> Work request
Skip all pictures, then copy the lines from the start of the data through the line with "手動ポップアップ式の内蔵スト", keeping both ends.

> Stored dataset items
== == ==
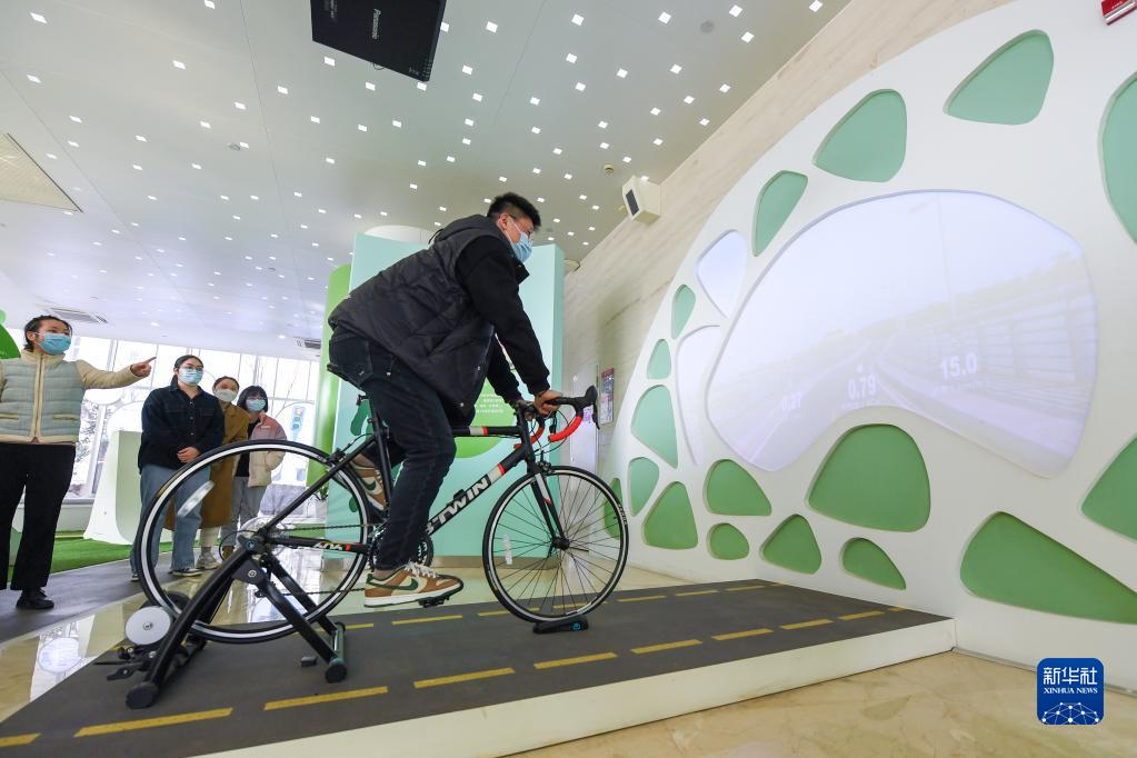 在蘇州工業(yè)園區(qū)公民健康素養(yǎng)教育基地,一位市民在體驗健身游戲(1月6日攝)。
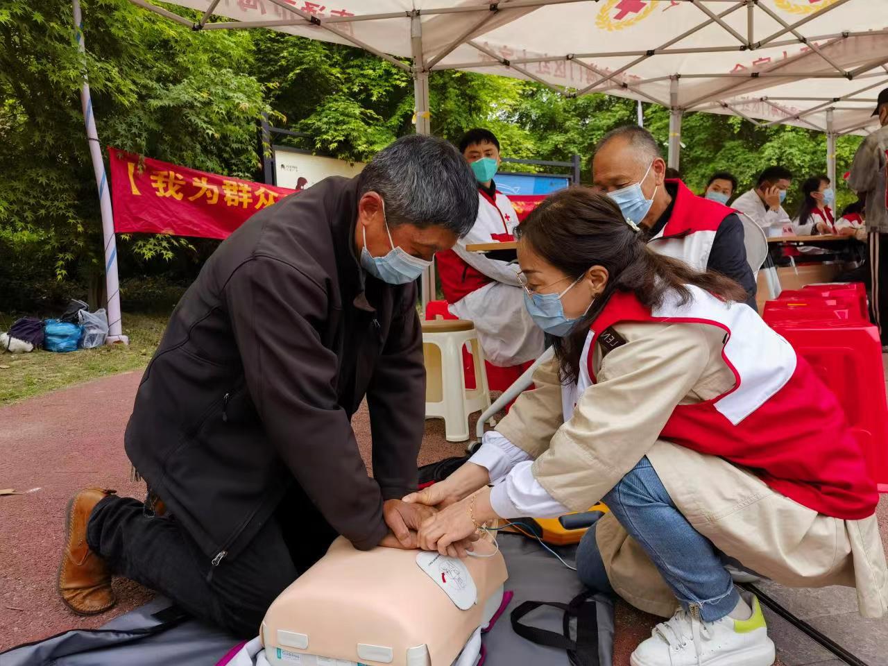 红十字会培训老师还对群众进行了应急救护知识技能教授。大家认真听取讲解,仔细观看老师的现场演示,纷纷参加互动,老师耐心纠正动作,让大家真正学到了实用的自救互救知识技能。
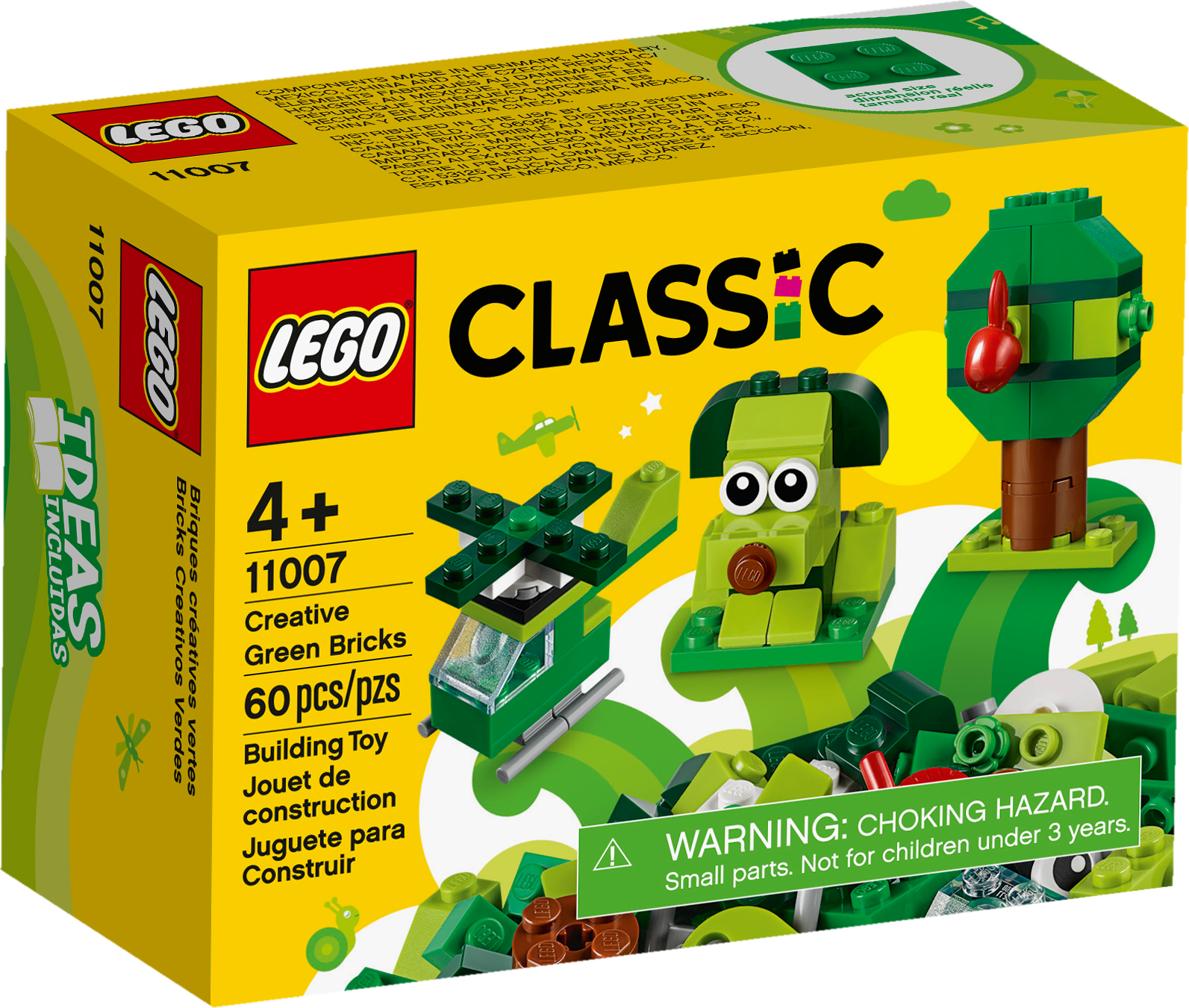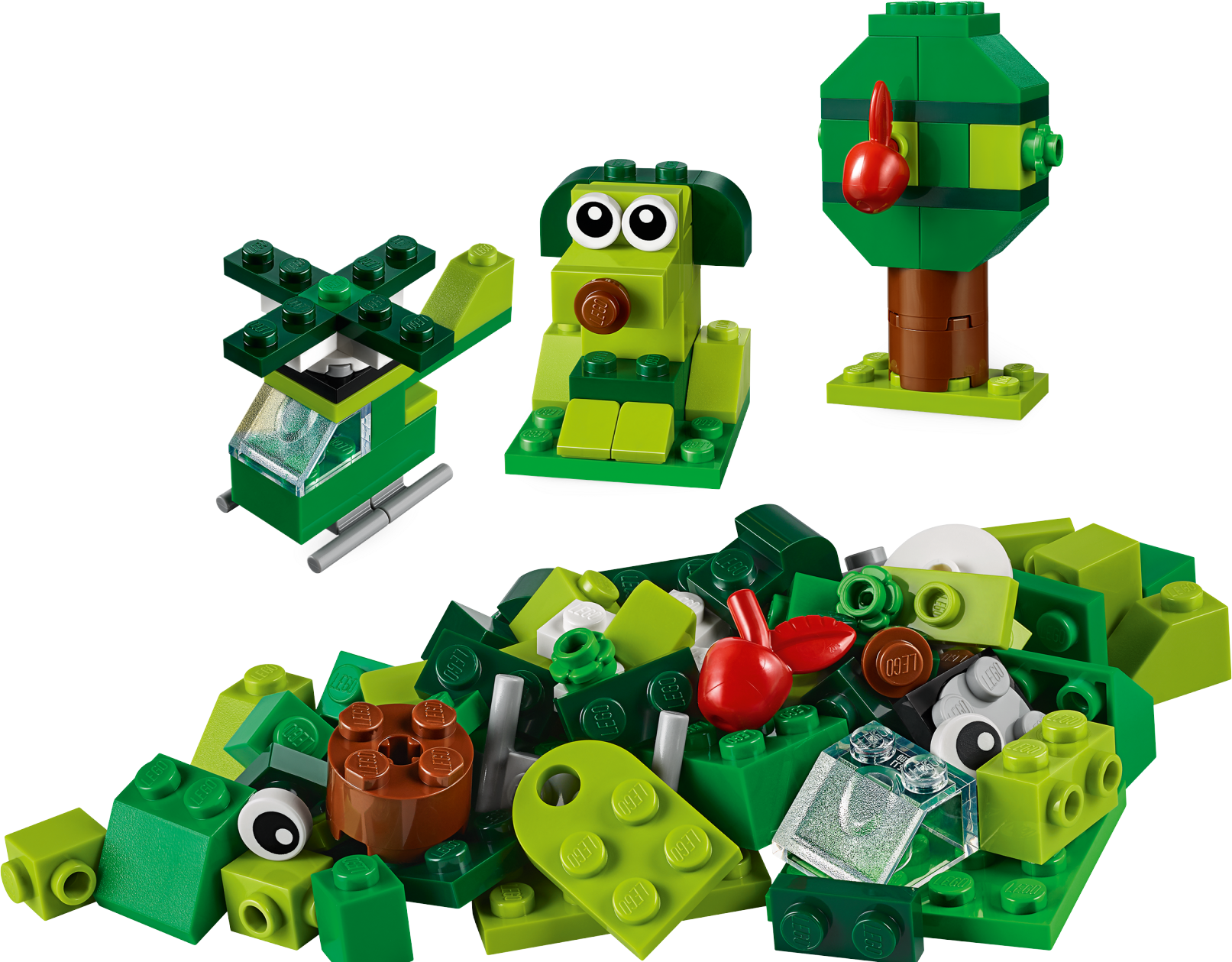 This timeless building toy is bursting with ideas and inspiration in gorgeous green! As kids build, play and build again, it unlocks their imagination and encourages developmental skills that support future success. Boost creativity with this imaginative building bricks toy Introduce children aged 4 and over to creative construction with 3 easy-to-build LEGO® toys. There's a cute green dog, a mini helicopter with rotating blades and an apple tree model with a delicious-looking detachable apple. The fun starts right away thanks to simple instructions and fun features. The imaginative play takes off as kids mix the bricks to modify their models, then soars as kids build inspired creations of their own. Build skills for the future with these bricks for kids LEGO Classic sets inspire boys and girls to build, create and imagine. As they enjoy endless open-ended play and creative self-expression, they develop valuable skills that last a lifetime.
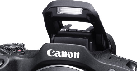 手動ポップアップ式の内蔵ストロボを搭載。日中の逆光時や室内で光量が足りないとき、手軽に明るい写真を撮影することができます。設定は「自動発光/発光/発光禁止」から選べます。
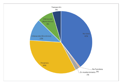 En estos sitios web ubicados en el nivel interactivo se encontró, por un lado, plataformas interactivas con funciones básicas de comunicación de tipo asincrónica como lo son: el correo electrónico, formularios y/o blog, pero en contra parte, hay otros sitios web que a pesar de contar con estas mismas funciones de comunicación, adicionalmente también cuentan con otras alternativas de comunicación de tipo sincrónica como: chat integrado en la plataforma, redes sociales como: Facebook y WhatsApp, entre otros elementos. Por lo tanto, al tipificarlas con base en los modelos de niveles madurez de e-gobierno expuestos en la literatura actual y que presentan entre 3 y 5 etapas (Almuftah, et al, 2016; Lee, 2010; Zahran, et al, 2015), es posible evidenciar una importante divergencia que pone de manifiesto lo expuesto por Patergiannaki y Pollalis (2022) quienes identificaron la necesidad de ampliar estos modelos de madurez de e-gobierno, los cuales explican son deficientes porque no profundizan con sub-niveles o sub-categorías que permitan definir con más detalle las funcionalidades de estas plataformas y ampliar con ello la visión del estado que tienen.
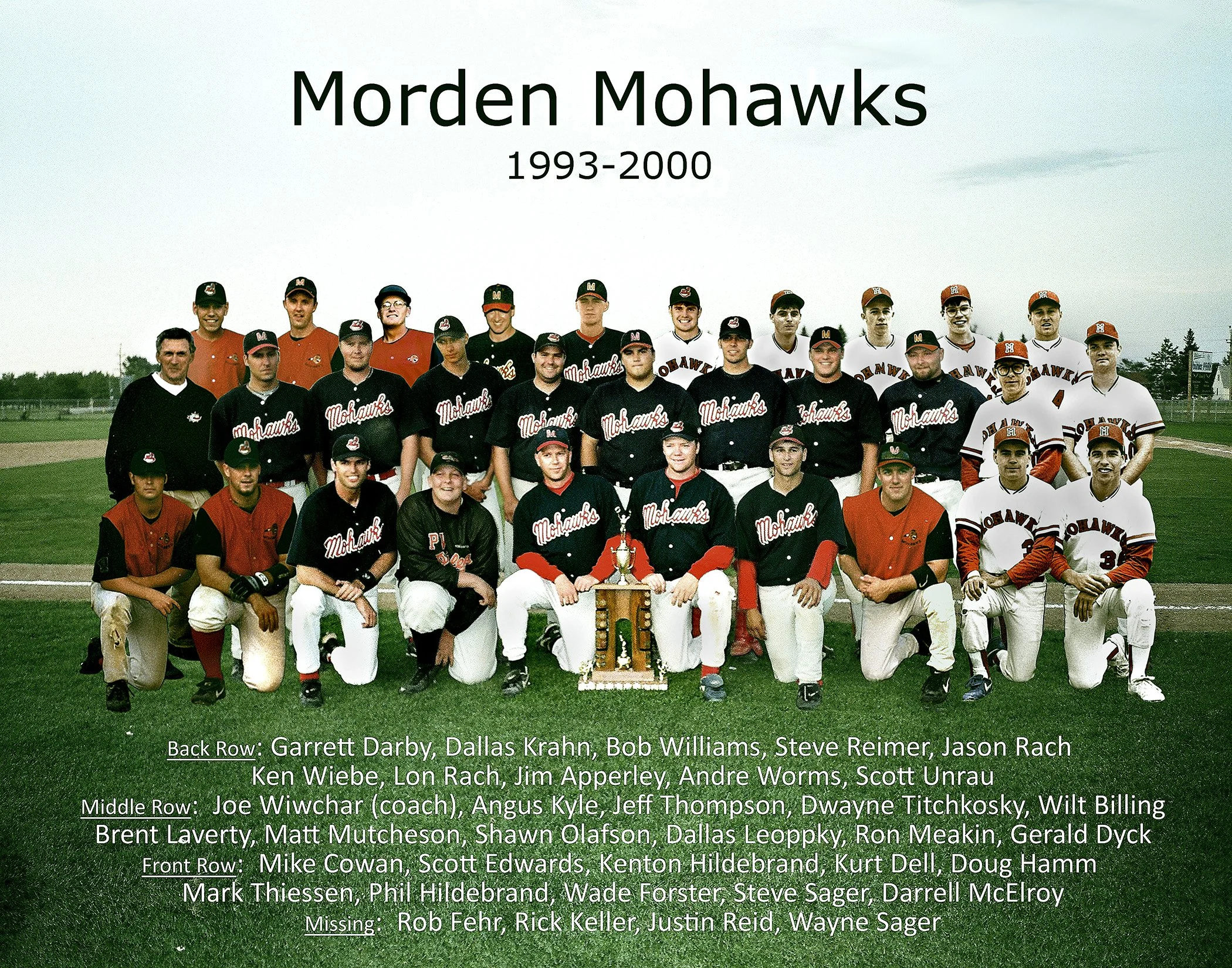 Beginning in 1987, the Morden Mohawks became dominant in their league. They not only won 11 consecutive Border League Championships, but over the next 14 years they would go on to win this championship 13 times. In 1994 they had a perfect 24-0 win/loss record in regular schedule and league playoffs, which earned them the Manitoba Baseball Team of the Year. The Mohawks competed in the majority of Provincial Senior “B” Championships and were a dominant supplier of players to the roster for Provincial “A” teams during this era. Morden players competed with the “A” team at the Western Canadian Championships in 1993, 1994, and 1997.
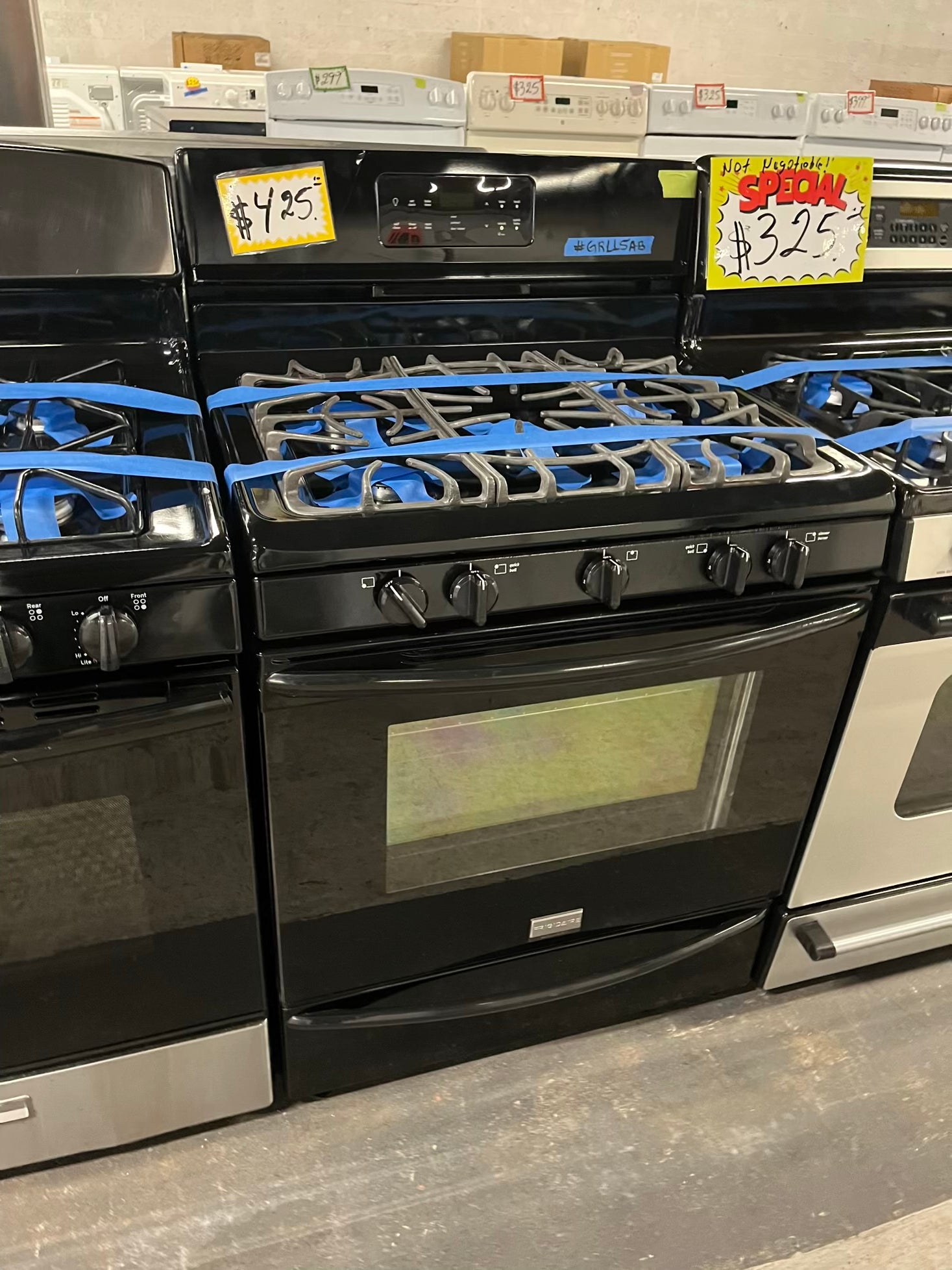 - Frigidaire GAS range black 5 burner bake broil self clean 30” item number #GR115AB
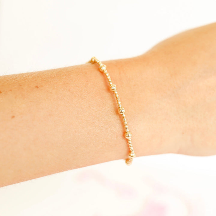 The June is a mix of 2mm & 4mm 14 K gold filled beads! This water proof bracelets is the perfect dainty addition to any stack
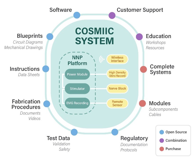 This talk will introduce the Cleveland Open Source Modular Implant Innovators Community (COSMIIC) – see cosmiic.org. The overall goal of COSMIIC is to establish an open source, modular network of active implantable devices for use in pre-clinical and early feasibility human research, and to provide ongoing support for this technology through a vibrant, sustainable community of users. The concept is based on our established platform ecosystem, the Networked Neuroprosthesis (NNP), which provides a solid technological platform with an established regulatory status for human use. The COSMIIC concept is being established through major funding from the National Institutes of Health (NIH) Stimulating Peripheral Activity to Relieve Conditions (SPARC) Program. The project includes a broad investigative team in Cleveland at CWRU, MHS, VA Northeast Ohio Healthcare System, and the Cleveland Clinic Lerner College of Medicine; as well as investigators at the University of Michigan and the University of California, Los Angeles (UCLA).
== == ==
> Reply
 在蘇州工業(yè)園區(qū)公民健康素養(yǎng)教育基地,一位市民在體驗健身游戲(1月6日攝)。
 红十字会培训老师还对群众进行了应急救护知识技能教授。大家认真听取讲解,仔细观看老师的现场演示,纷纷参加互动,老师耐心纠正动作,让大家真正学到了实用的自救互救知识技能。
 This timeless building toy is bursting with ideas and inspiration in gorgeous green! As kids build, play and build again, it unlocks their imagination and encourages developmental skills that support future success. Boost creativity with this imaginative building bricks toy Introduce children aged 4 and over to creative construction with 3 easy-to-build LEGO® toys. There's a cute green dog, a mini helicopter with rotating blades and an apple tree model with a delicious-looking detachable apple. The fun starts right away thanks to simple instructions and fun features. The imaginative play takes off as kids mix the bricks to modify their models, then soars as kids build inspired creations of their own. Build skills for the future with these bricks for kids LEGO Classic sets inspire boys and girls to build, create and imagine. As they enjoy endless open-ended play and creative self-expression, they develop valuable skills that last a lifetime.
 手動ポップアップ式の内蔵ストロボを搭載。日中の逆光時や室内で光量が足りないとき、手軽に明るい写真を撮影することができます。設定は「自動発光/発光/発光禁止」から選べます。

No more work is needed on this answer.